• **Available data**
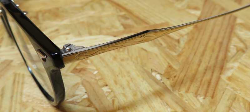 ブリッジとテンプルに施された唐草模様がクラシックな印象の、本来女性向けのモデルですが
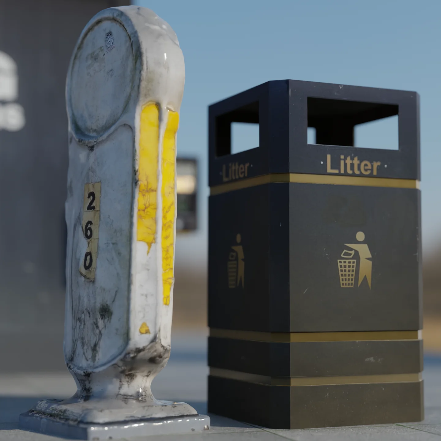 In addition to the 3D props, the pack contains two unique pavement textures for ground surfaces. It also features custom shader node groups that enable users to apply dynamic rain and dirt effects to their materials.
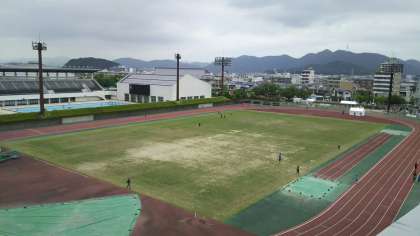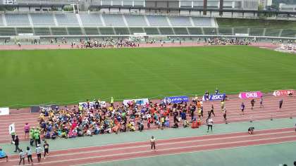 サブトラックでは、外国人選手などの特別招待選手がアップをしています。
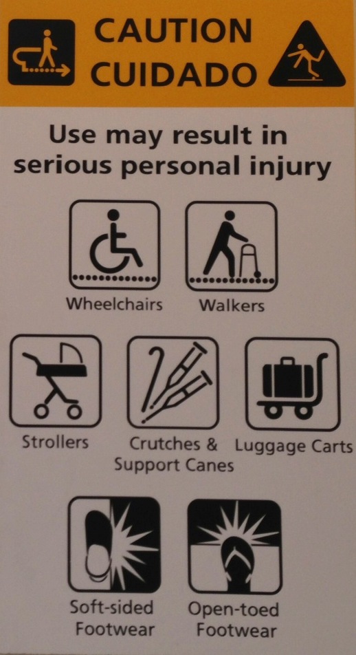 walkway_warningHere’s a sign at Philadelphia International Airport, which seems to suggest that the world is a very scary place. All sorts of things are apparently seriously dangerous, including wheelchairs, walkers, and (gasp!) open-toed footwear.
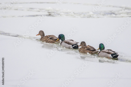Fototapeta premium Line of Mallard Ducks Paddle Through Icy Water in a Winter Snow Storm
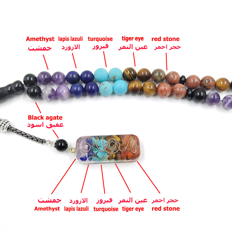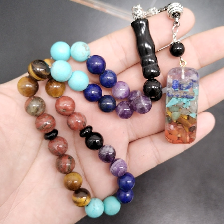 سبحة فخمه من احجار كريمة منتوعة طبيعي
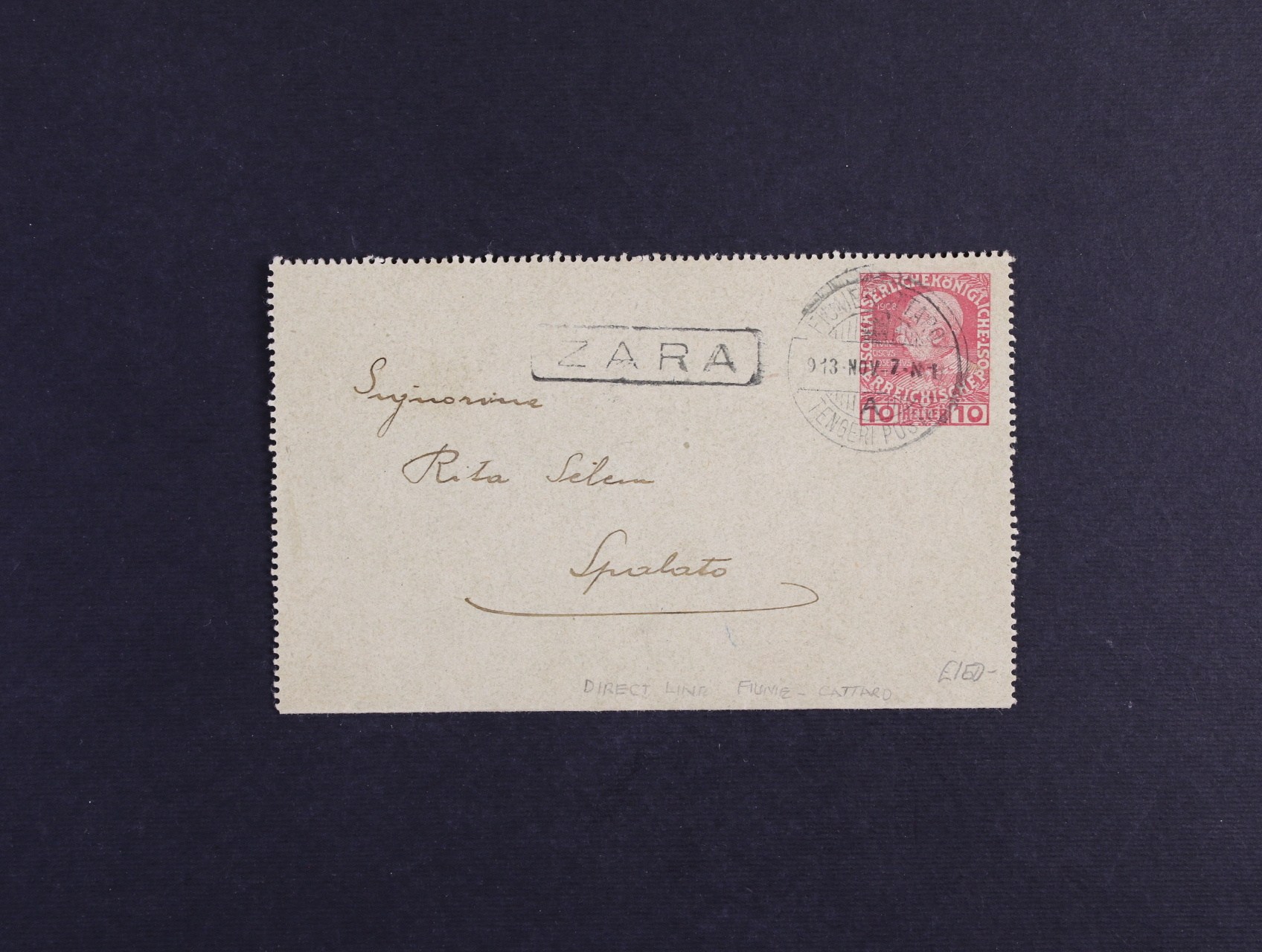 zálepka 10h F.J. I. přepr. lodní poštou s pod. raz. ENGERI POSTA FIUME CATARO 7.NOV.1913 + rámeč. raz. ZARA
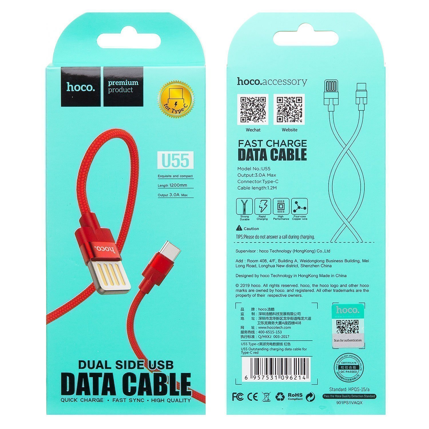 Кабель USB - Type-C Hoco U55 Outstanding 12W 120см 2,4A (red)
* * *
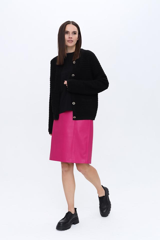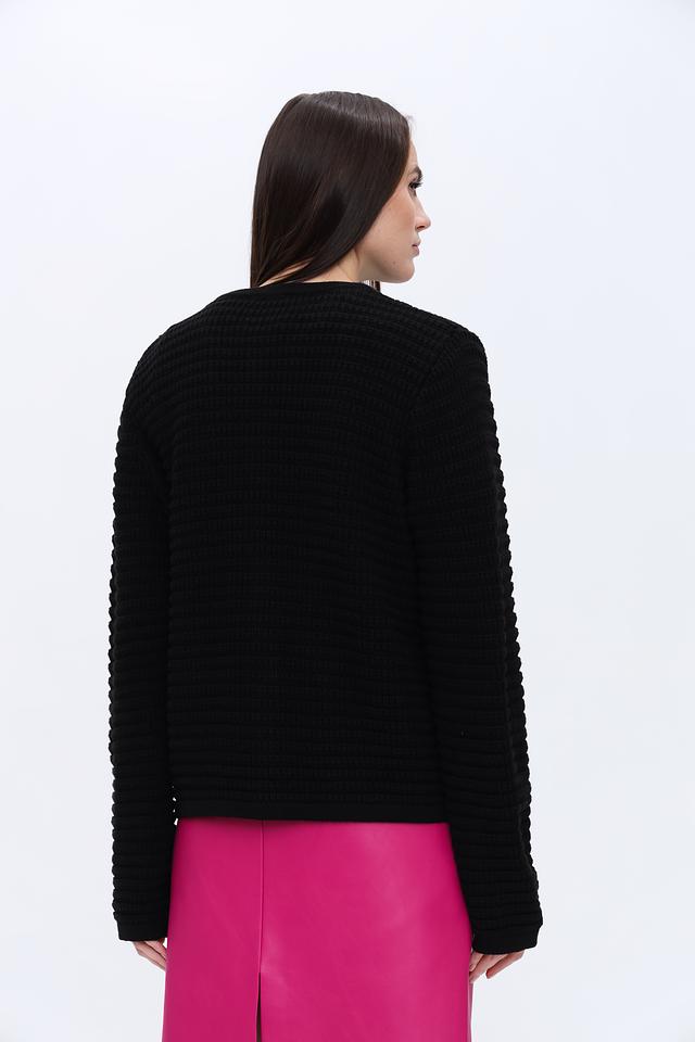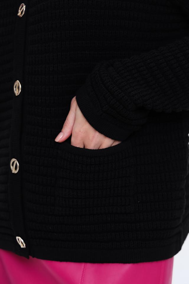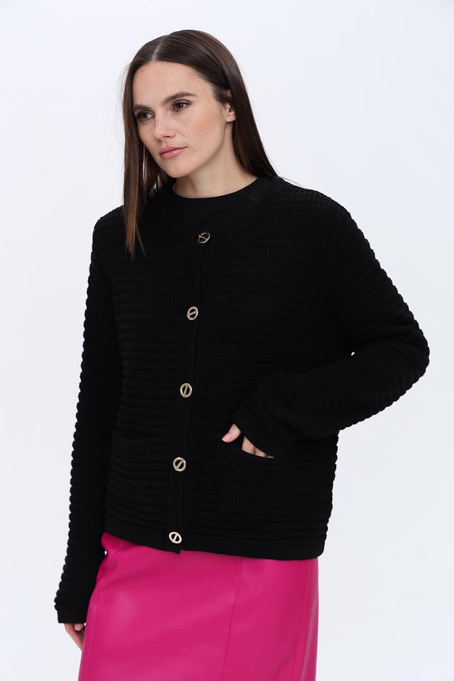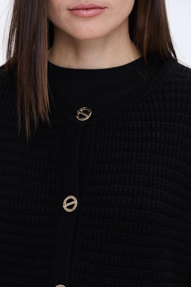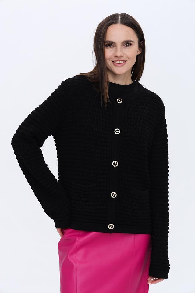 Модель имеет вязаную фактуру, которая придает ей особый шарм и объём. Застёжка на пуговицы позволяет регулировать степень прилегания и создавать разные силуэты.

• **Assignment**
From the records above, transcribe exactly the lines starting at the one containing "Fototapeta premium Line" and ending at the one containing "Кабель USB - Type-C". Skip the pictures.

• **Task result**
Fototapeta premium Line of Mallard Ducks Paddle Through Icy Water in a Winter Snow Storm
 سبحة فخمه من احجار كريمة منتوعة طبيعي
 zálepka 10h F.J. I. přepr. lodní poštou s pod. raz. ENGERI POSTA FIUME CATARO 7.NOV.1913 + rámeč. raz. ZARA
 Кабель USB - Type-C Hoco U55 Outstanding 12W 120см 2,4A (red)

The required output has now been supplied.